Feel that whiplash? Trade has gone from zero to 60 in the White House's agenda just weeks after Barack Obama's second inauguration. Two blockbuster deals -- the Trans-Pacific Partnership, which Japan will soon join, and a free trade agreement with the European Union -- could finally leave the World Trade Organization's ill-fated Doha Development Round in the dust. In fact, these deals offer more hope for world trade than the WTO ever did.
At its founding in 1995, the WTO was the first global mechanism for lowering barriers to commerce. Since then, it has done very little to fulfill its primary mission. The Doha Round, projected by the World Bank to raise global economic activity by $500 billion, has dragged on for a dozen years without agreement. In the meantime, estimates of its potential economic gains have dropped as low as $84 billion -- about 0.1 percent of global output -- with just $16 billion going to poor countries.
Any deal now would be lucky to generate even that amount. The Doha Round is a failure because of its complexity and the WTO's negotiating system. Everything except military hardware is on the table, and it has been impossible to reconcile every country's views on agriculture, services, and manufactured goods. Yet because every country has a veto, that reconciliation is exactly what is required for a deal.
Throughout the past 12 years, the WTO's most ardent supporters have urged countries big and small to stay committed to the Doha Round, resulting in a massive waste of resources. This has been especially tragic for poorer countries that have only small teams of diplomats and lawyers responsible for pursuing bilateral, regional, and global trade deals around the world.
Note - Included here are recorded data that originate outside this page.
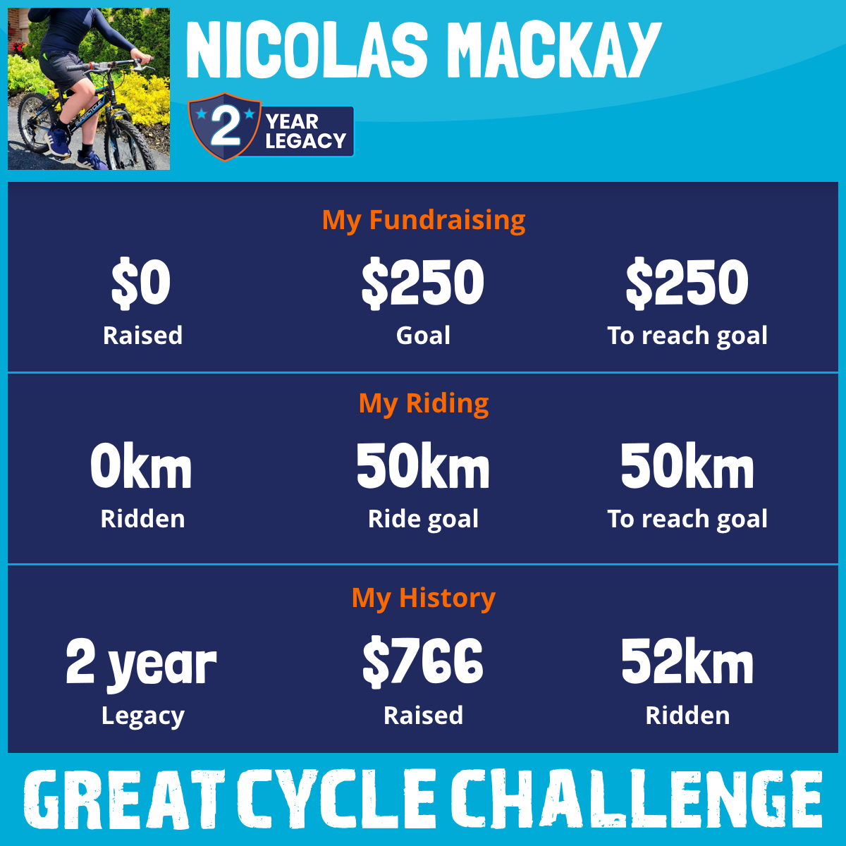 I am riding 50 km for my cousin, Chad Gamblin. Please sponsor me and support my challenge to fight kids' cancer and save little lives.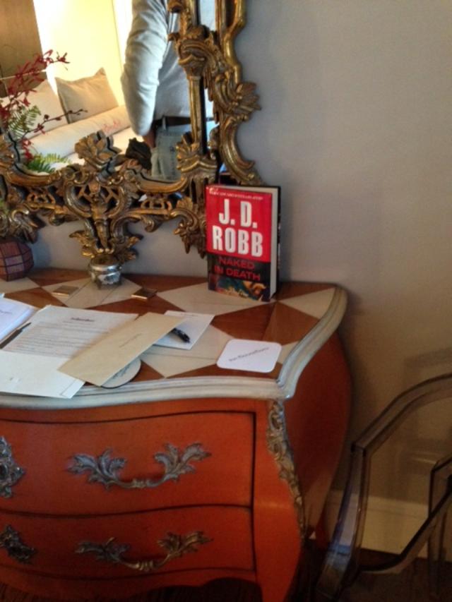The Inn had plenty of spots for relaxing including balconies, a courtyard and a television niche with a loaded refrigerator nearby. My favorite place to hang out was, of course, the library. Beside plenty of books to read--yes, lots of Norah and J.D. Robb--there was a fireplace; Keurig with pods that included coffee, cider, hot chocolate or tea; and a decanter of whiskey. This is the room we had our wine and cheese in. Very cozy and relaxing.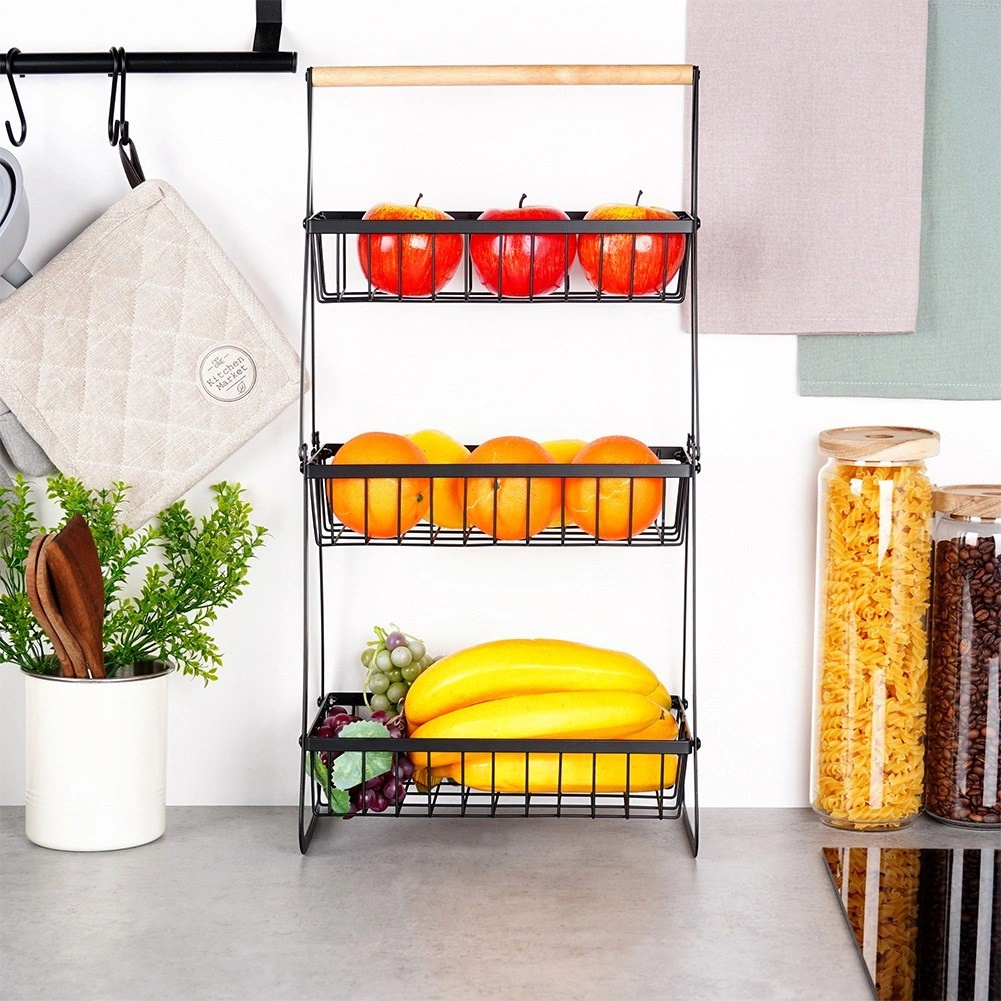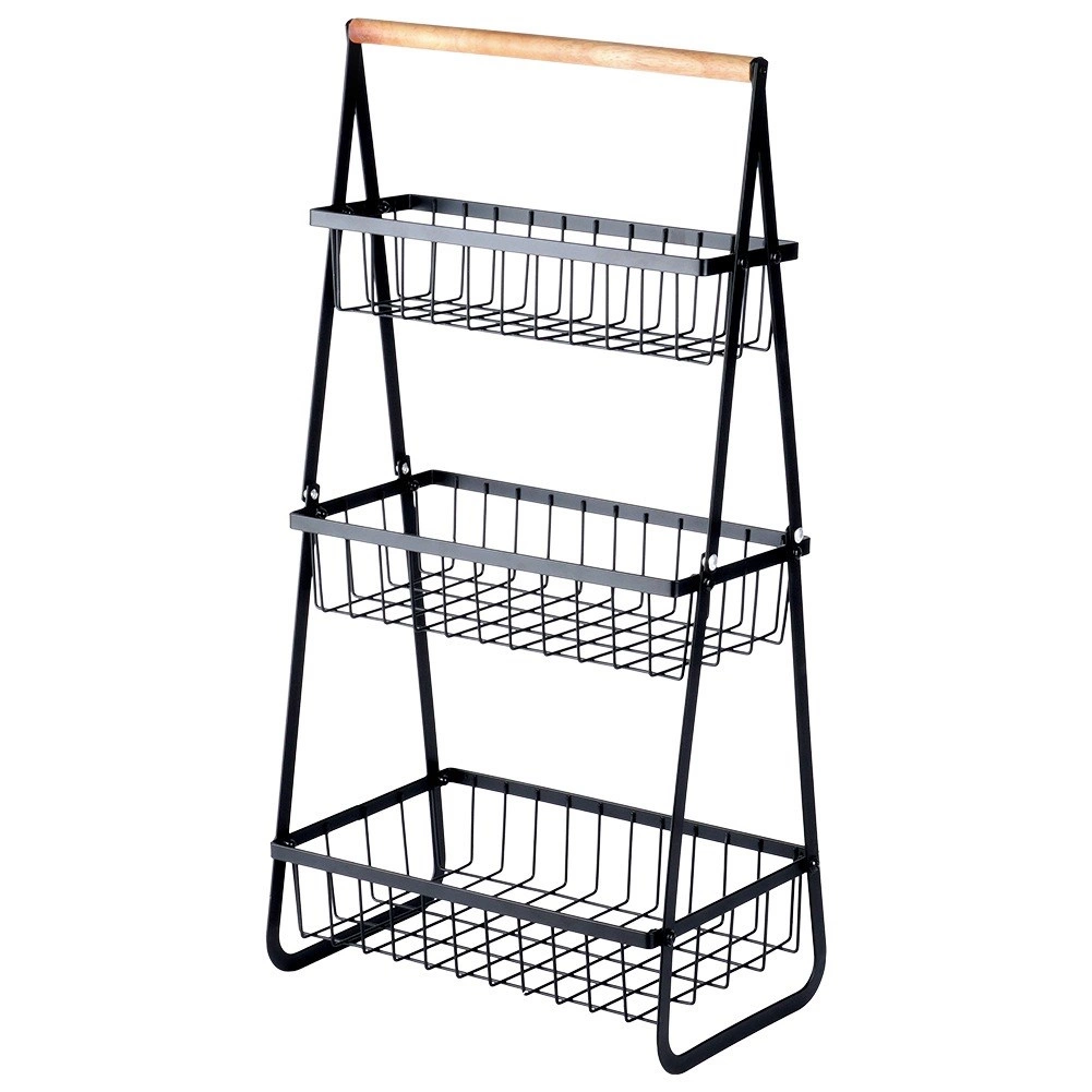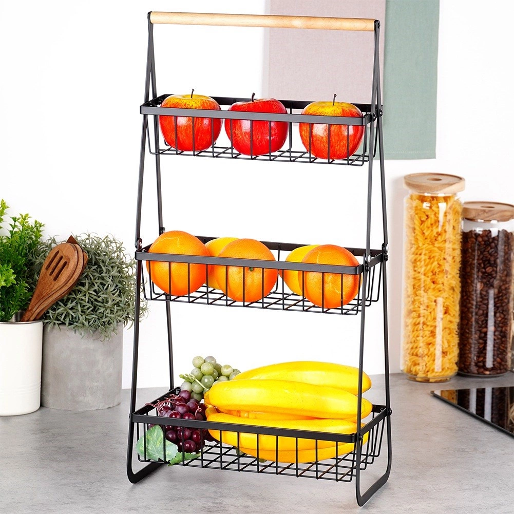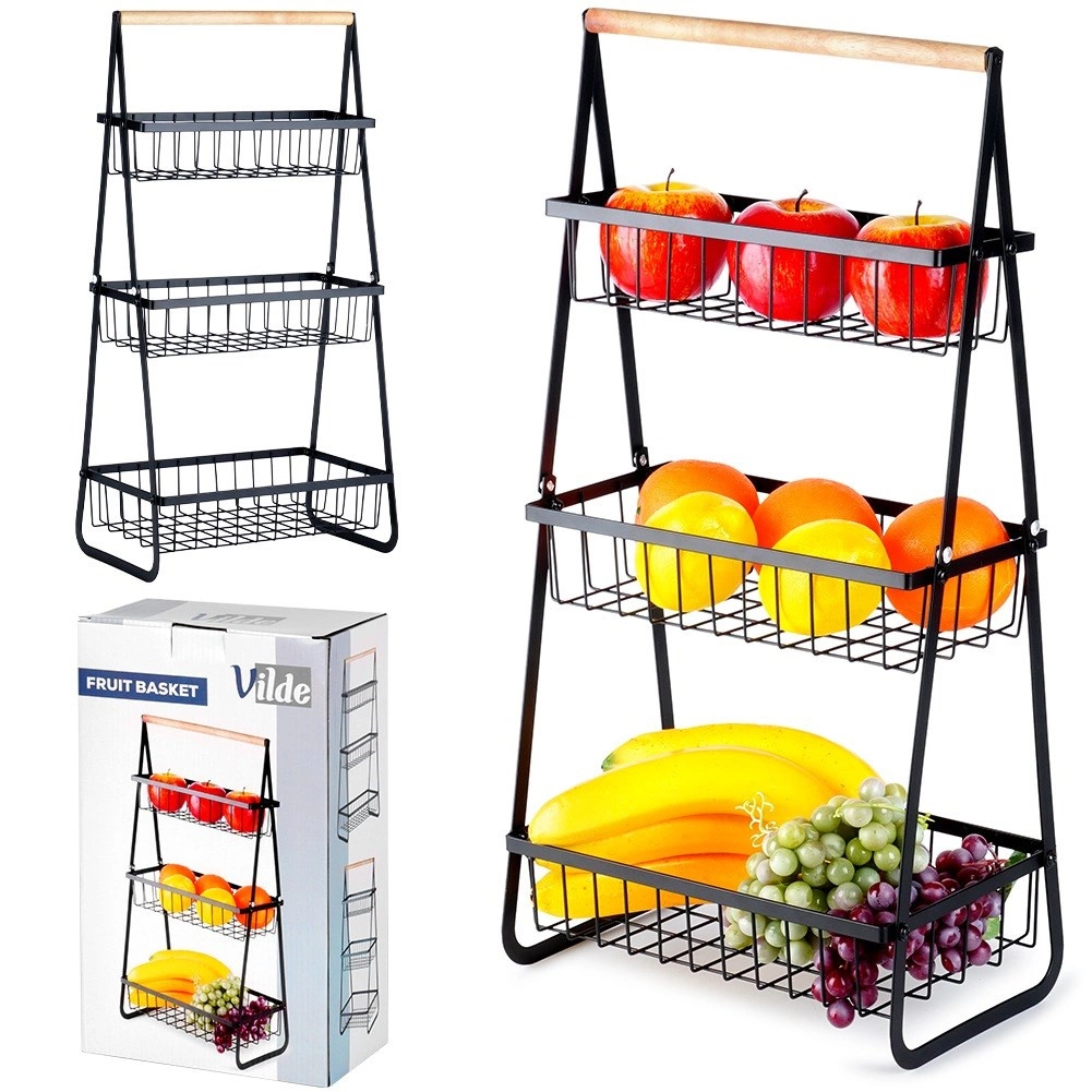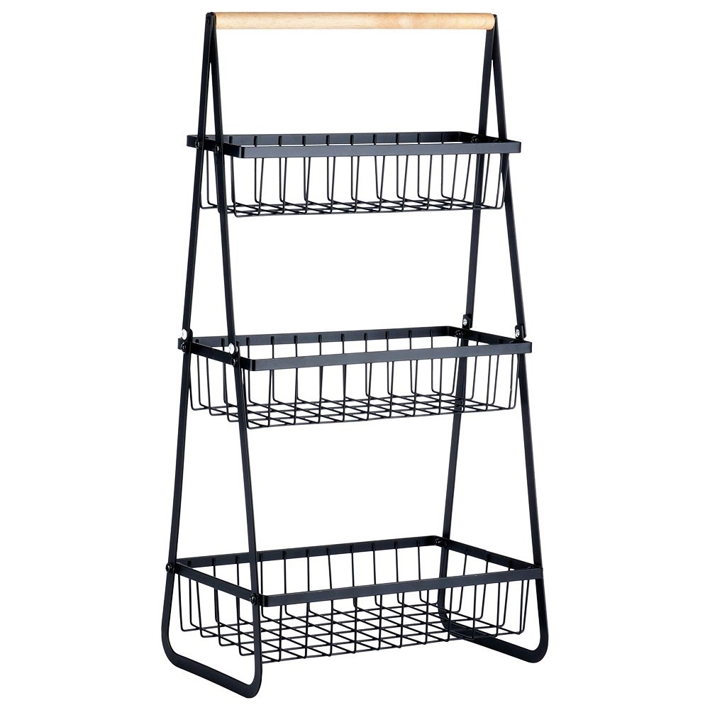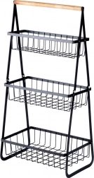 Denne praktiske, fritstående A-ramme-organizer med tre trådkurve er ideel til køkkenbord eller kommode. Den robuste metaludførelse i mat sort og træhåndtaget kombinerer holdbarhed med et moderne industrielt look, der passer til både klassiske og moderne interiører.

Dozens of them, from Belize to the Gambia, don't even have permanent representatives at the WTO's headquarters in Geneva, and have to rely on semi-annual "Geneva Weeks" to touch base with their colleagues.
Yet in spite of the futility engendered by perennially lower expectations, negotiators have kept on meeting because, as one put it, "the problem is no one knows what Plan B is." Now there is a plan B: the formation of big trade blocs including big and small countries, which will eventually find it in their mutual interest to negotiate with each other.
This is a huge step forward. In global trade talks, a few countries -- notably France and India -- have relished the role of spoiler. Deals that don't insist on being global don't have that problem; these big trade blocs are essentially coalitions of the willing. Their members are the leaders, and the laggards will have two choices: join, or get the short end of the stick.
When Japan signaled its intent to sign onto the Trans-Pacific Partnership (TPP) last week, it joined Australia, Brunei, Canada, Chile, Malaysia, Mexico, New Zealand, Peru, Singapore, Vietnam, and the United States in negotiations. The most important aspect of this bloc is its diversity, which will result in big gains from trade. Together, these countries will lower trade barriers -- and get richer.